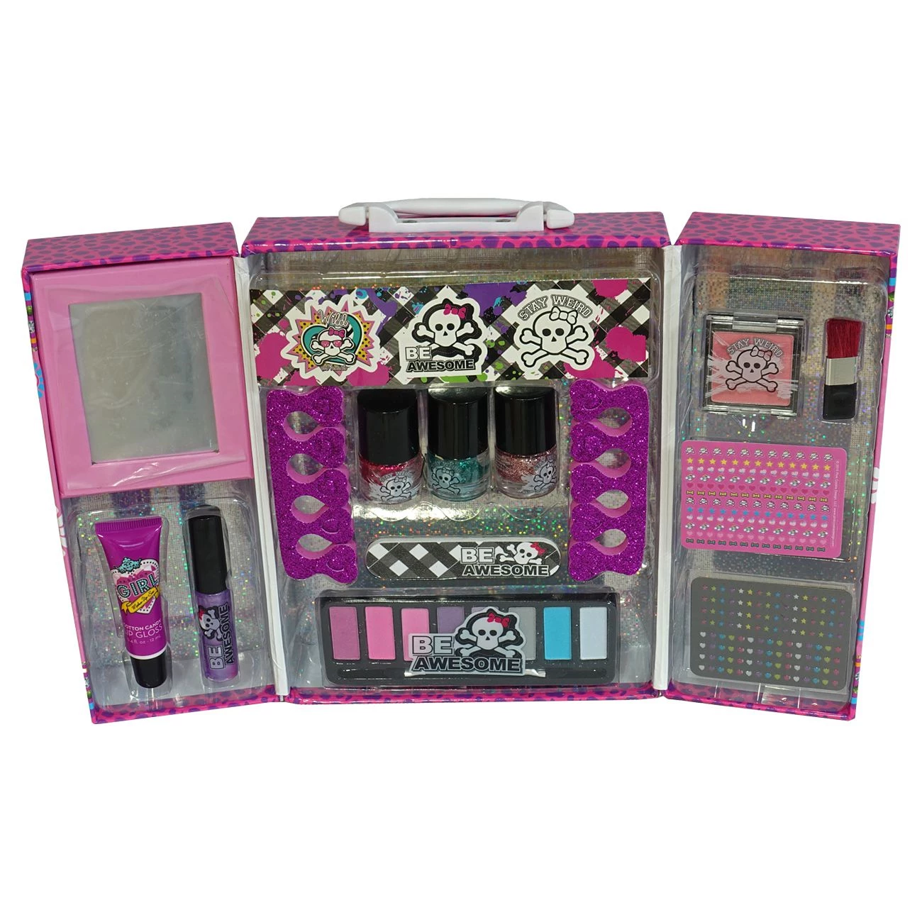 V kovčku so: Gloss za ustnice 6 in 12 ml. Senčilo za oči 7,2 g (7 različnih barv). Ličilo za lička 2,5 g. 3 x lak za nohte 5 ml. Nalepke za nohte, pilica in pripomoček za lakiranje nohtov. Punce morajo biti vedno urejene, zato moraš nujno imeti ta lepotilni set. Pokliči svoje prijateljice in skupaj se naličite. Primerno za deklice od 8 let dalje.
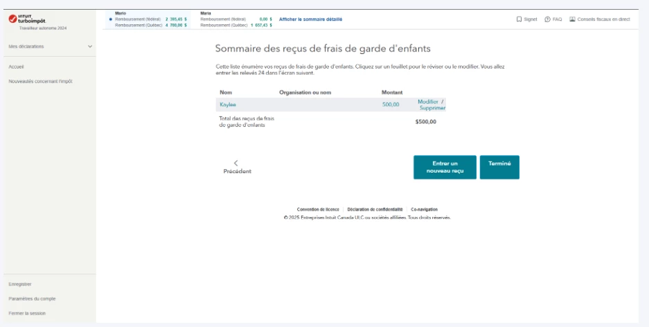 L'annexe C concerne les frais de garde, À la page d'accueil, dans la barre de recherche, taper Frais de garde. Répondre aux questions jusqu'à ce que vous arriviez au sommaire des reçus de frais de garde d'enfants. Vérifiez si vous avez un reçu en double.
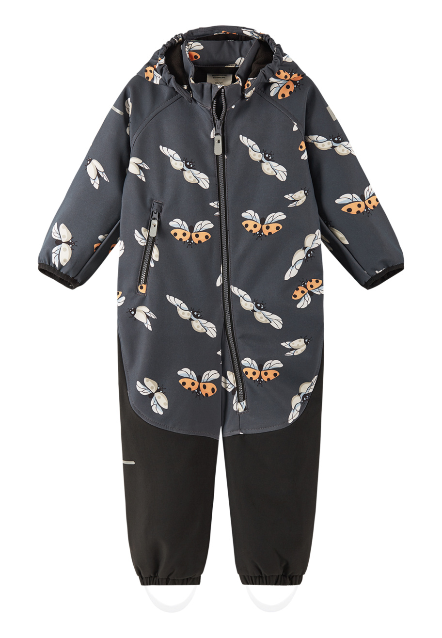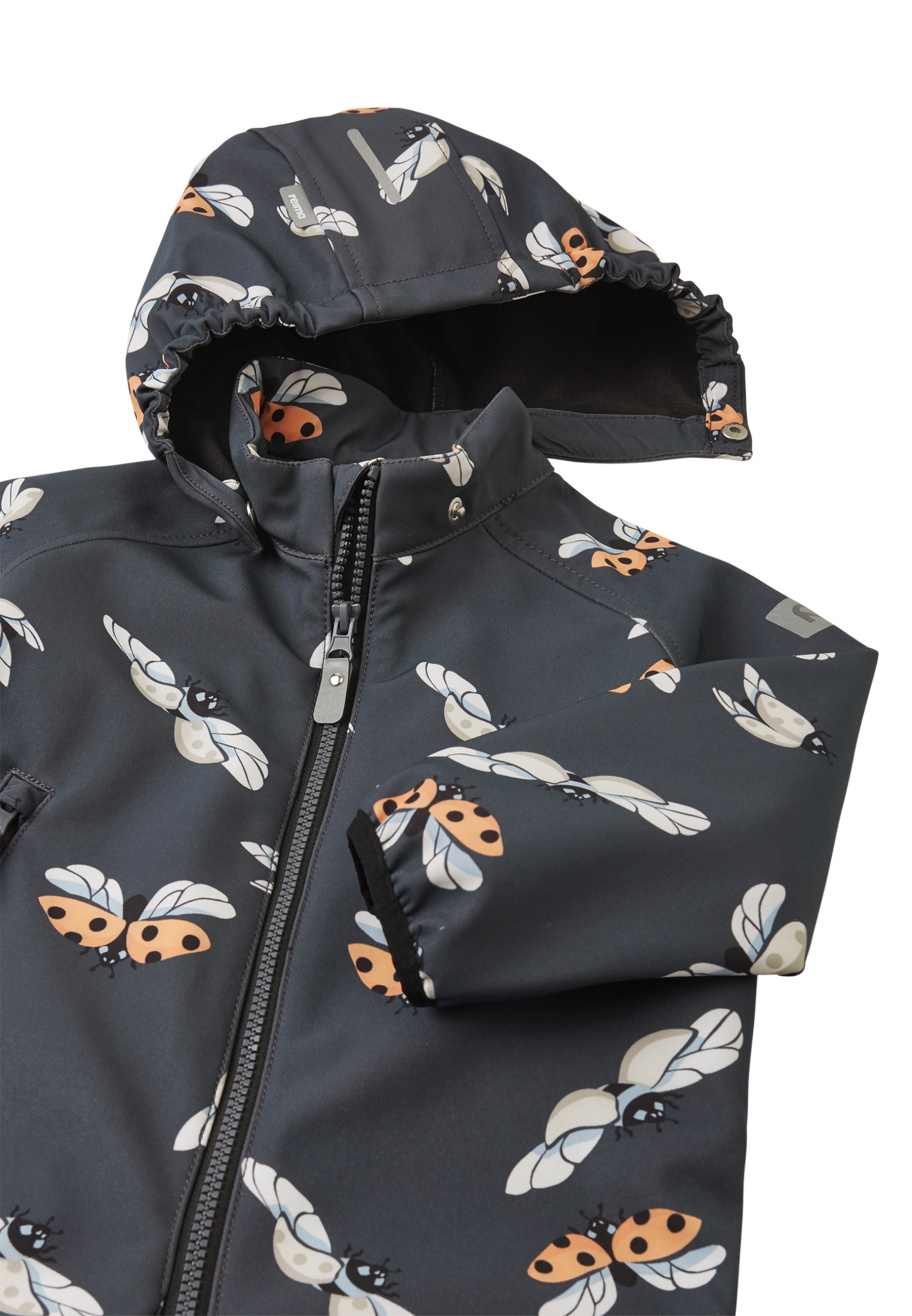 Pienten lasten tuulenpitävä Mjosa softshell-haalari on hengittävä ja hylkii tehokkaasti vettä. Reiman softshell on tekninen kolmikerrosmateriaali, jonka sisäpuoli on fleeceä. Irrotettava huppu suojaa viimalta ja on turvallinen leikkiessä. Täyspitkä vetoketju helpottaa pukemista, ja leukapehmuste estää vetoketjun lukkoa hankaamasta. Kestävä vahvike alaosassa.
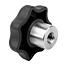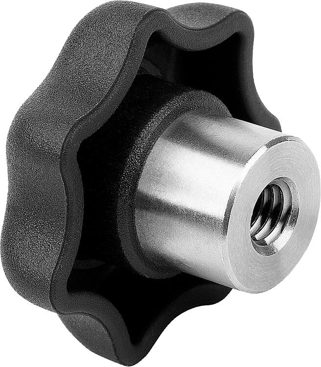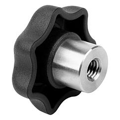 可探测金属的塑料星形手柄,带突出钢衬套,K 型,带螺纹衬套
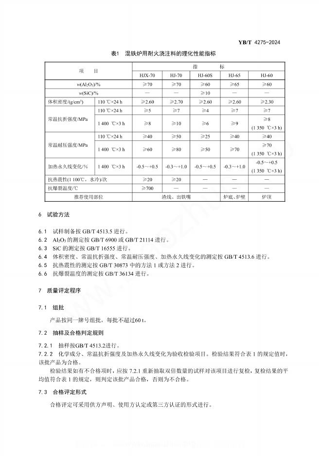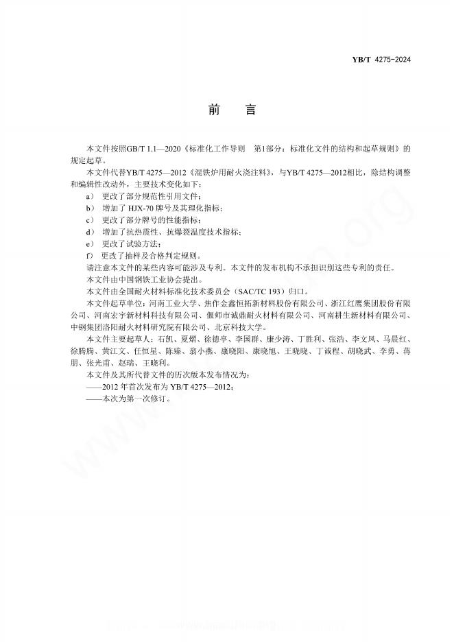 YB/T 4275-2024 混铁炉用耐火浇注料
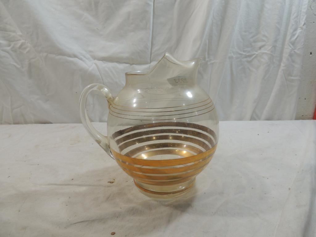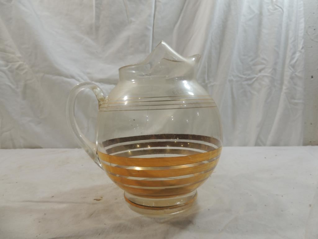 VINTAGE GLASS PITCHER GOLD STRIPES, DECORATIVE GOLD STRIPES, GLASS PITCHER VINTAGE AS SHOWN SEE PHOTO FOR MORE DETAILS.
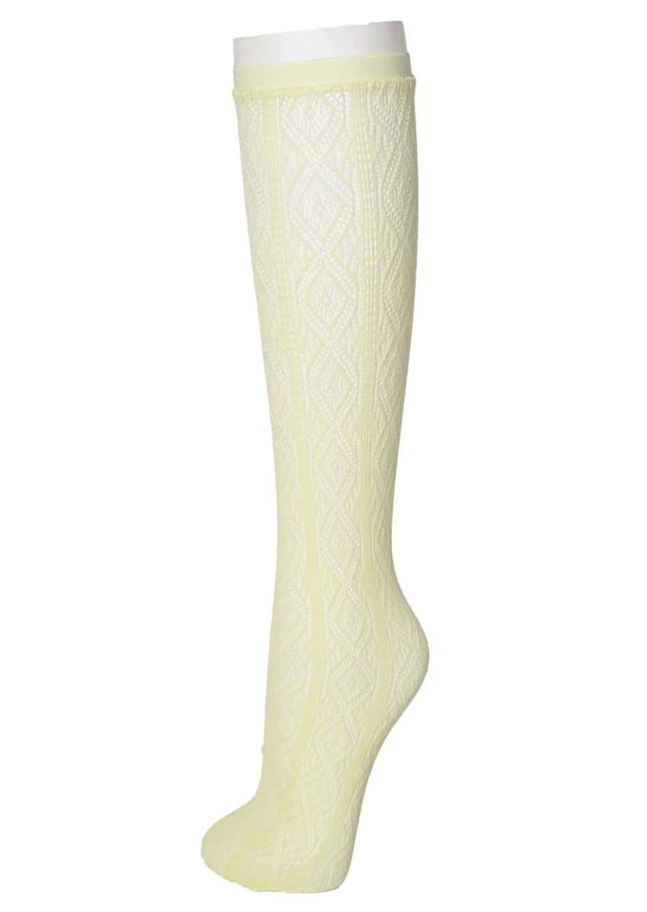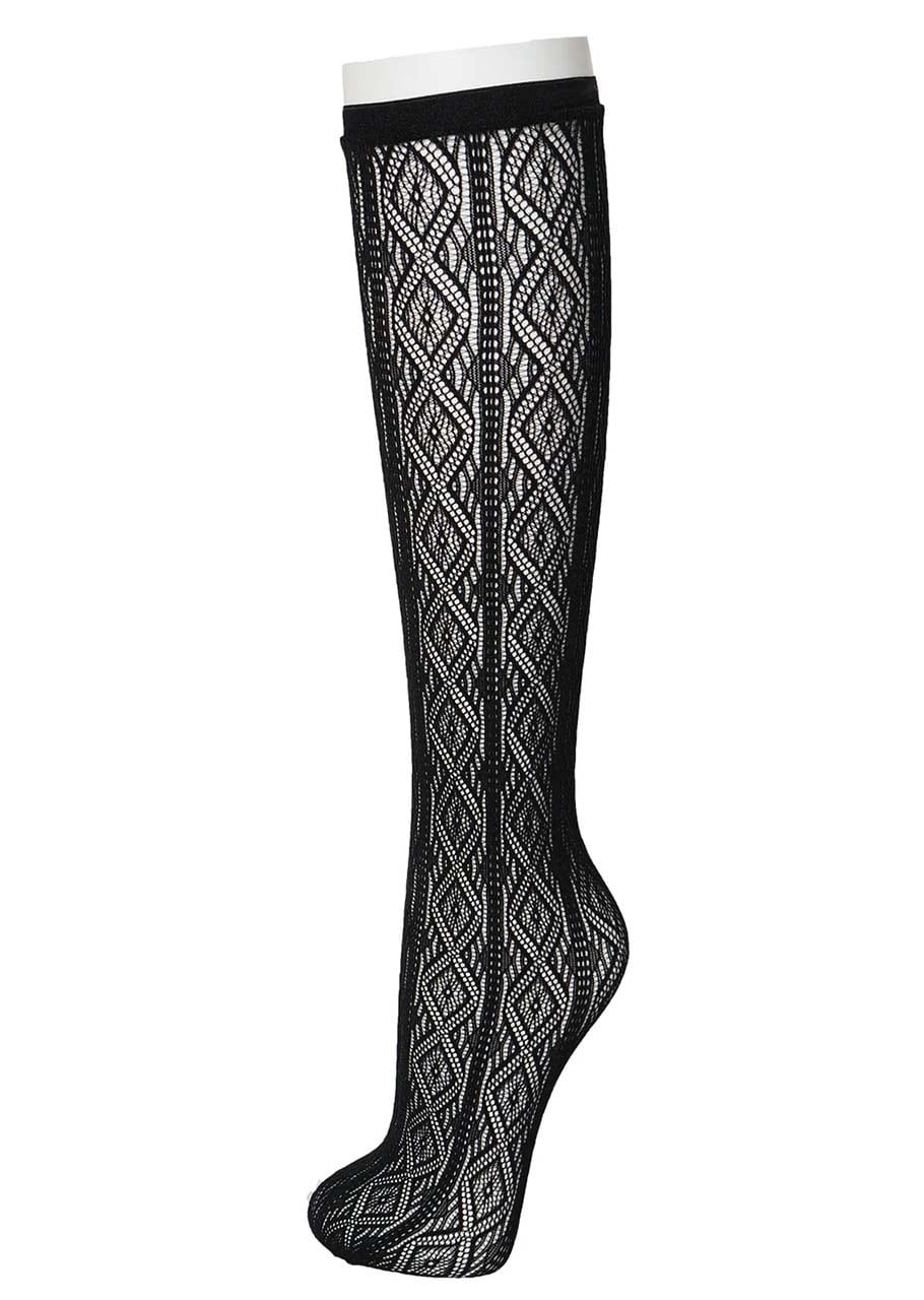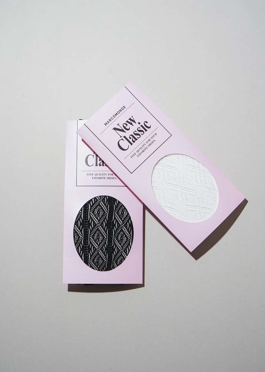 Newタイプのレースソックス。かかとの縫製がないので、足のサイズや形に関わらず足にフィット。長さもクルー丈からハイソックスまでお好きな丈で履いていただけます。
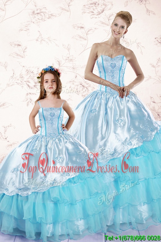 Sumptuous Sleeveless Embroidery and Ruffled Layers Zipper Quinceanera Dresses
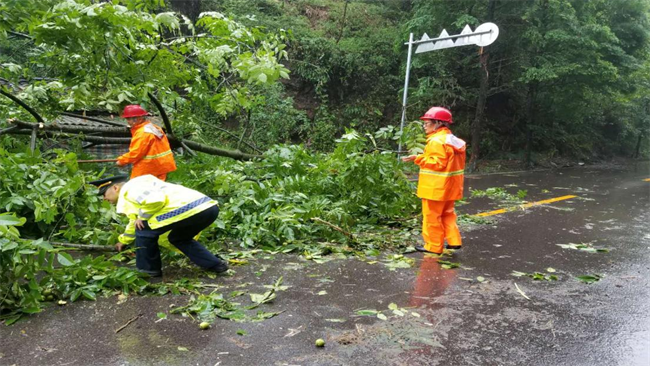 案例一:5月19日10时18分,因大暴雨来势凶猛,G351罗坝段行道树倒伏严重,阻碍交通,影响车辆通行,交通应急抢险分队第一时间奔赴现场,在险情处摆放反光锥桶,及时对路障进行清理,并对过往车辆进行了疏导。10时52分,路面恢复安全畅通。
--
What to do: Omit the pictures and output all remaining material exactly.

Task answer:
 V kovčku so: Gloss za ustnice 6 in 12 ml. Senčilo za oči 7,2 g (7 različnih barv). Ličilo za lička 2,5 g. 3 x lak za nohte 5 ml. Nalepke za nohte, pilica in pripomoček za lakiranje nohtov. Punce morajo biti vedno urejene, zato moraš nujno imeti ta lepotilni set. Pokliči svoje prijateljice in skupaj se naličite. Primerno za deklice od 8 let dalje.
 L'annexe C concerne les frais de garde, À la page d'accueil, dans la barre de recherche, taper Frais de garde. Répondre aux questions jusqu'à ce que vous arriviez au sommaire des reçus de frais de garde d'enfants. Vérifiez si vous avez un reçu en double.
 Pienten lasten tuulenpitävä Mjosa softshell-haalari on hengittävä ja hylkii tehokkaasti vettä. Reiman softshell on tekninen kolmikerrosmateriaali, jonka sisäpuoli on fleeceä. Irrotettava huppu suojaa viimalta ja on turvallinen leikkiessä. Täyspitkä vetoketju helpottaa pukemista, ja leukapehmuste estää vetoketjun lukkoa hankaamasta. Kestävä vahvike alaosassa.
 可探测金属的塑料星形手柄,带突出钢衬套,K 型,带螺纹衬套
 YB/T 4275-2024 混铁炉用耐火浇注料
 VINTAGE GLASS PITCHER GOLD STRIPES, DECORATIVE GOLD STRIPES, GLASS PITCHER VINTAGE AS SHOWN SEE PHOTO FOR MORE DETAILS.
 Newタイプのレースソックス。かかとの縫製がないので、足のサイズや形に関わらず足にフィット。長さもクルー丈からハイソックスまでお好きな丈で履いていただけます。
 Sumptuous Sleeveless Embroidery and Ruffled Layers Zipper Quinceanera Dresses
 案例一:5月19日10时18分,因大暴雨来势凶猛,G351罗坝段行道树倒伏严重,阻碍交通,影响车辆通行,交通应急抢险分队第一时间奔赴现场,在险情处摆放反光锥桶,及时对路障进行清理,并对过往车辆进行了疏导。10时52分,路面恢复安全畅通。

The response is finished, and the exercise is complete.